The copy should hold exactly the lines below from the one that contains "In addition to" through the one that contains "In classic semi" and nothing else, so no pictures.

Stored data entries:
"""

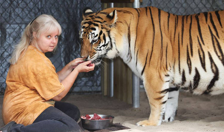 Janice da de comer a sus tigres 3 veces al día, siempre con sus propias manos.
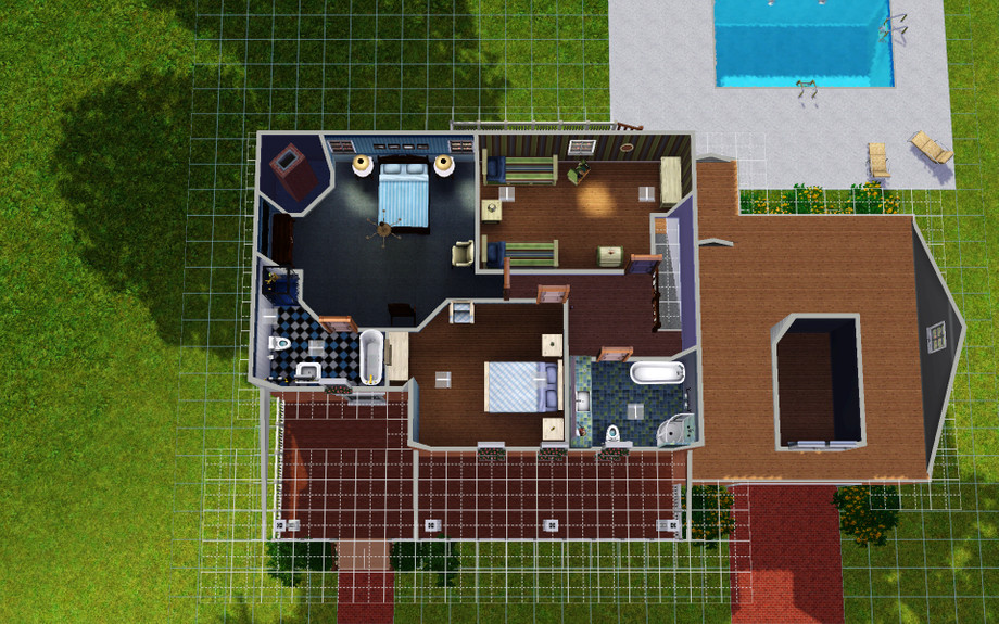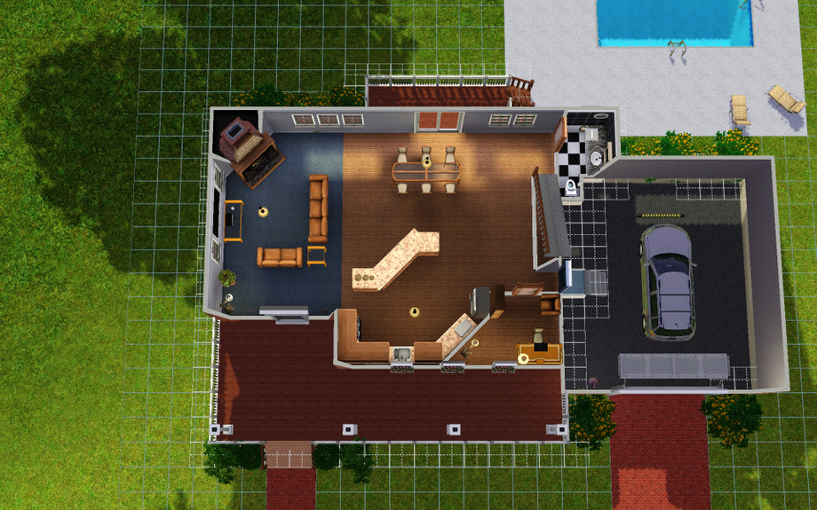 3 br, 2.5 ba. First built with custom content but it was too hard to keep track of who made what, so i turned it off and now its not exactly how i originally designed it, but its still good. Tired to make a garage using the constrainfloorelevation cheat, but i didn't work properly and now the door is in the wall. its weird. This house was a house based off of a floor plan found on globalfloorplans.com
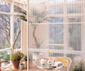 タチカワブラインドシルキーの出窓対応ブラインド。2連窓、3連窓も角度調整は1ヶ所で操作可能。
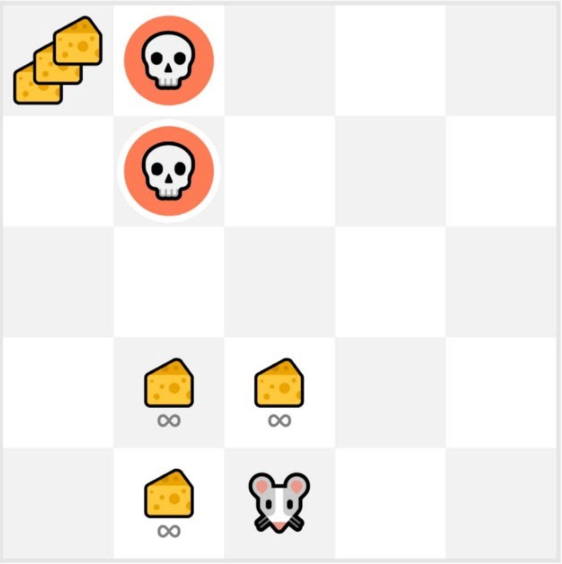 위 그림에서 치즈 1개는 +1의 보상을 뜻하고, 치즈 3개는 +1000의 보상을 뜻한다. 그리고 직관적이게 해골은 사망을 뜻한다.
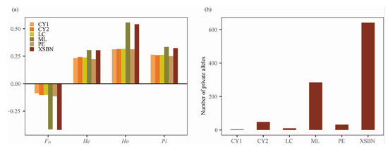 The results for the genetic diversity parameters of T. doichangensis are summarized in Table 2 and Figure 3. The observed heterozygosity (Ho) ranged from 0.3129 to 0.5571; the expected heterozygosity (He) ranged from 0.2232 to 0.3059; nucleotide diversity (Pi) ranged from 0.2504 to 0.3343; the inbreeding coefficient (FIS) ranged from −0.4213 to −0.0879 (Table 2). The ML population showed the highest genetic diversity (Ho = 0.5571; He = 0.3059; Pi = 0.3343; Table 2) followed by the XSBN population, and the PE population showed the lowest genetic diversity (Ho = 0.3129; He = 0.2232; Pi = 0.2504; Table 2). Furthermore, the XSBN population had the most private alleles, and the CY1 population had the fewest private alleles, while the FIS values of the six populations were negative, indicating that there was no inbreeding within the six populations.
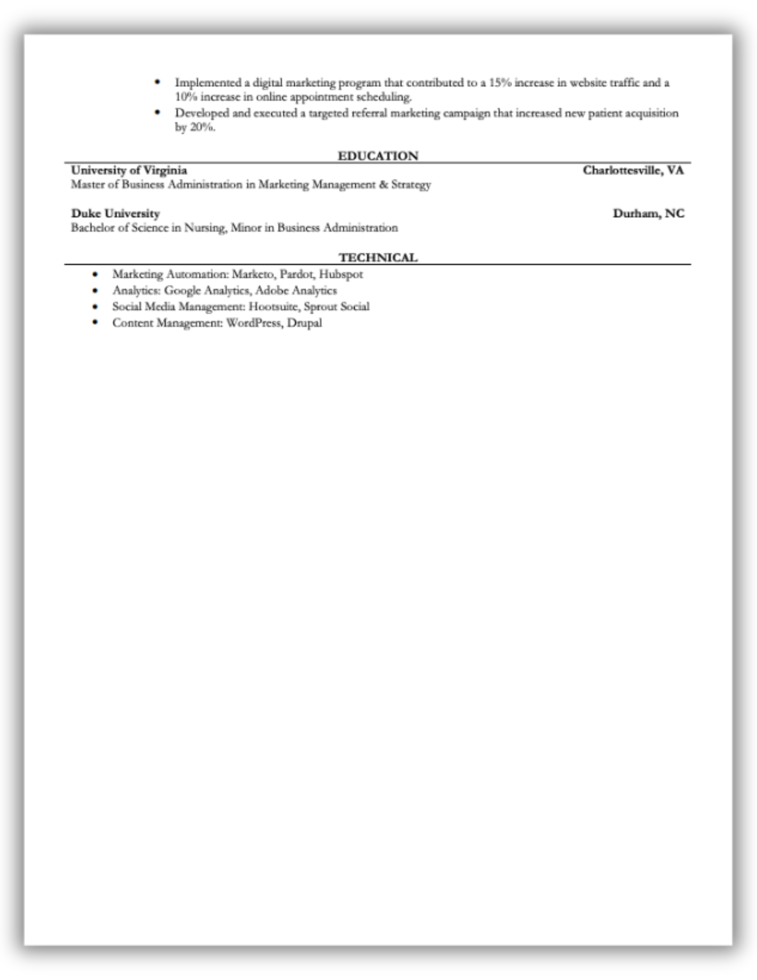 In addition to your formal education and certifications, it’s important to showcase your technical skills relevant to the marketing industry.
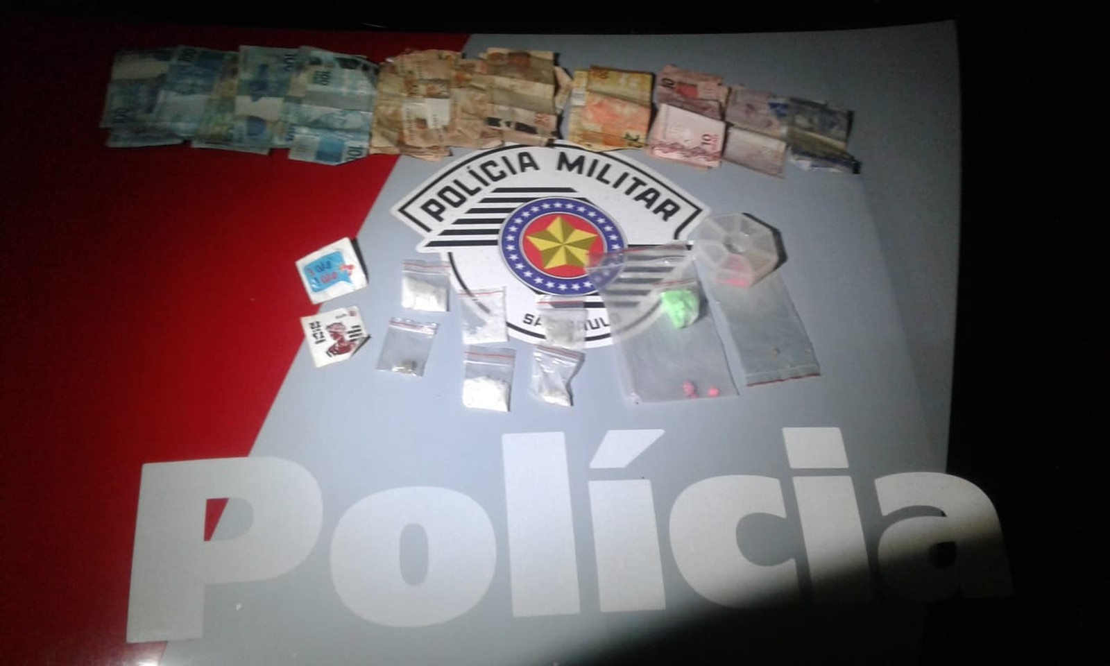 Com o rapaz, os policiais apreenderam 20 comprimidos de ecstasy, sete porções de uma droga sintética e mais de R$ 1,4 mil em dinheiro.
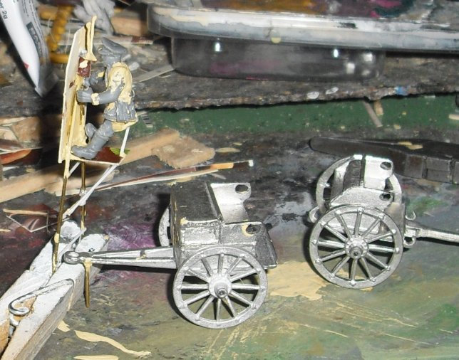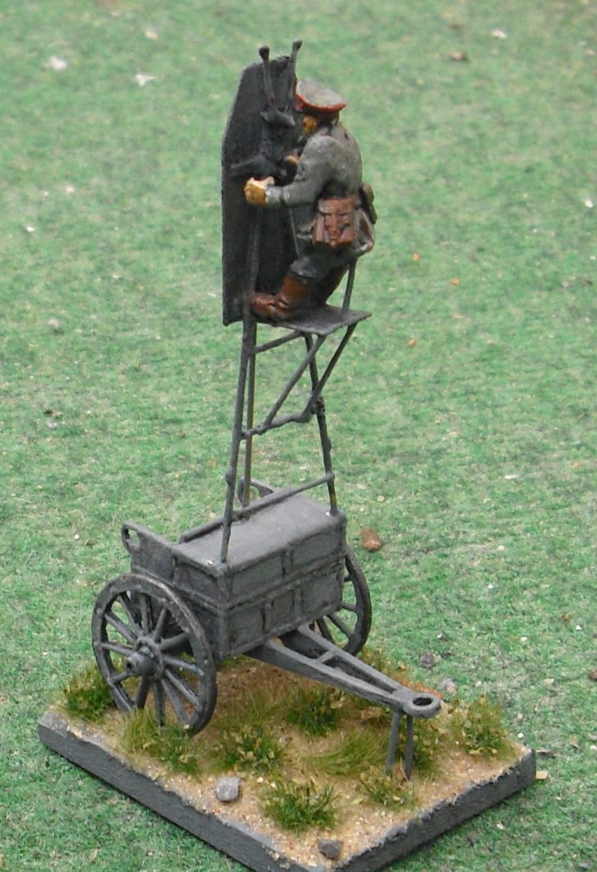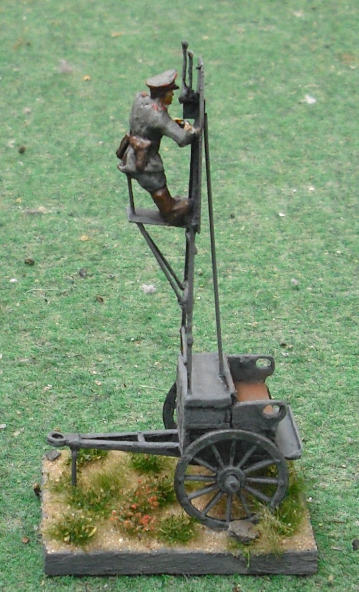 In classic semi covered battery the CO on horse was to be high enough to look over the crest. Not ideal. So these wagons got a ladder. At first clumsy devices that looked like those of fire services. The RA got a pole one with L shaped steps. But that could only be used in a one level setting fixed on the car.
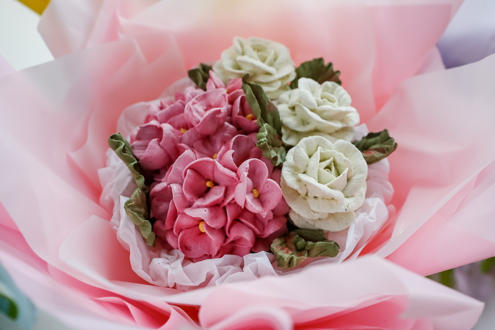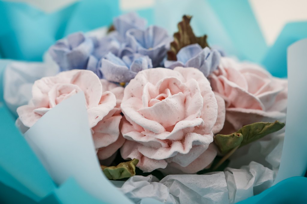 Когда цветы стабилизировались, из них собирают букет. Для этого с помощью флористической бумаги, шпажек и подложки готовят основание, куда с помощью зубочисток крепят готовые бутоны. Для ещё большей реалистичности композицию украшают листками и ягодами из зефирной массы.
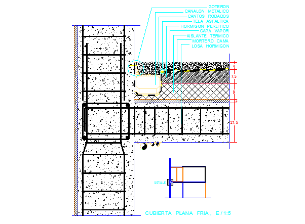 Here the detail drawing of flat roof with plan along with section showing material description, specification of elements,dimension and all other details in autocad drawing.
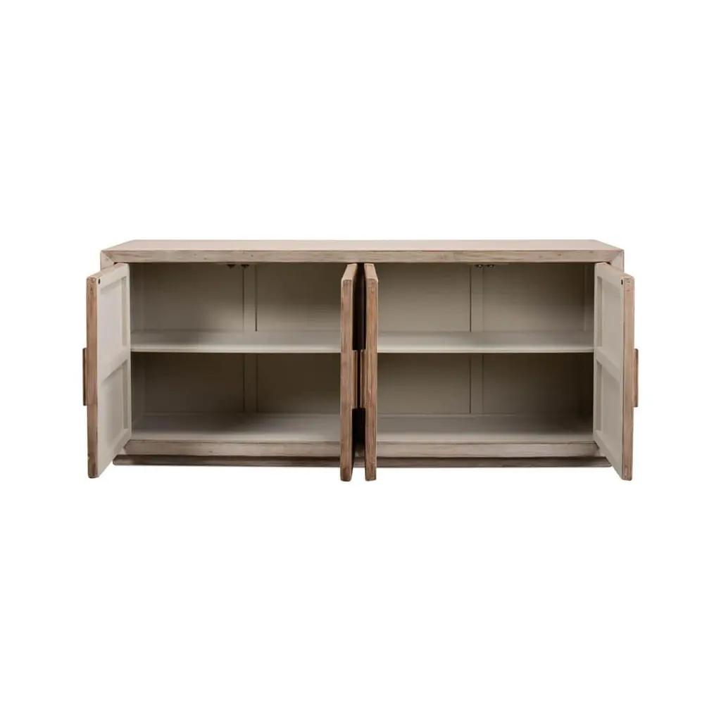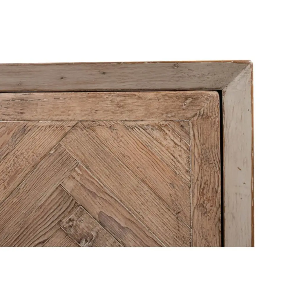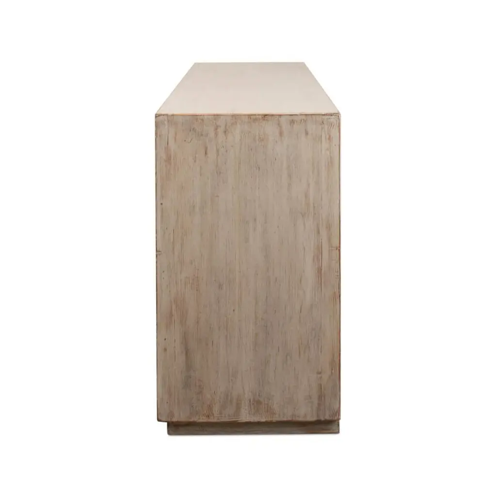 This cabinet showcases the natural allure of reclaimed pine, finished by hand in a nuanced Stone Grey that tells of whispered elegance and earthy charm. Its doors, graced with a chevron pattern, open to a world where your treasures are kept safe and sound.Blending the bold lines of modern geometry with the soulful texture of transitional materials, this cabinet is a testament to master craftsmanship. Perfect for those who seek a touch of rustic warmth with their contemporary decor. Whether gracing your dining room or adding sophistication to your living space, this cabinet makes a statement of sustainable luxury and understated style.Dimensions: 80" W x 19" D x 33" H

"""

-- EXERCISE RESPONSE --
 In addition to your formal education and certifications, it’s important to showcase your technical skills relevant to the marketing industry.
 Com o rapaz, os policiais apreenderam 20 comprimidos de ecstasy, sete porções de uma droga sintética e mais de R$ 1,4 mil em dinheiro.
 In classic semi covered battery the CO on horse was to be high enough to look over the crest. Not ideal. So these wagons got a ladder. At first clumsy devices that looked like those of fire services. The RA got a pole one with L shaped steps. But that could only be used in a one level setting fixed on the car.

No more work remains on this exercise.